For some of you there might have been an empty chair at your table this year. For those who read this for whom that is the case, I am praying that God is showing you how able and ready He is to fill the empty place in your heart with His magnificent love. Many in our country are struggling with loss of home, belongings, livelihoods and loved ones from fire, storms, floods and mass shootings. As I consider the devastation in the wake of these sorrows, I pray that those among the suffering who know the Lord Jesus Christ will demonstrate their hope and faithfulness to trust in the God who provides for our needs in all circumstances and by their quiet and thankful trust, will strengthen and encourage others.
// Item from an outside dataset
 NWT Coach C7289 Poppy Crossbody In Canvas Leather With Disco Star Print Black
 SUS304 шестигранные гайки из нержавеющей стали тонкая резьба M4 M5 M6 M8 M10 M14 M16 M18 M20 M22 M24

I pray that everyone who benefits from all avenues of humanitarian assistance will realize that it is by the mercies and Providence of God that they receive it—and be thankful to Him: for “The LORD giveth and the LORD taketh away; blessed be the Name of the LORD.” (Job 1.21b).

Speaking of Job 1.21b, I took some time off from teaching children’s Sunday School in November, thinking I would have time to just chill out a bit. I felt plenty guilty about asking for some Sundays not to be teaching the children; and I had a sinking feeling in my kishkes (yiddish: inner parts) that the separation would be painful–a new twist on “separation anxiety.” I had no expectation of how busy my heart and soul and mind would be in the stillness. God does some pretty extensive work in a person’s life when she sits down and stops the busy preoccupations with trying to keep up her momentum in ministry. It’s not that I neglect daily time in the Word of God and prayer. Everyone who has known me since I came to faith 30+ years ago knows that the Word of God and prayer are like breathing for me. However, when a time of transition comes to call, it takes some extra time to be prepared for it and to learn courage and discipline to face it and follow through.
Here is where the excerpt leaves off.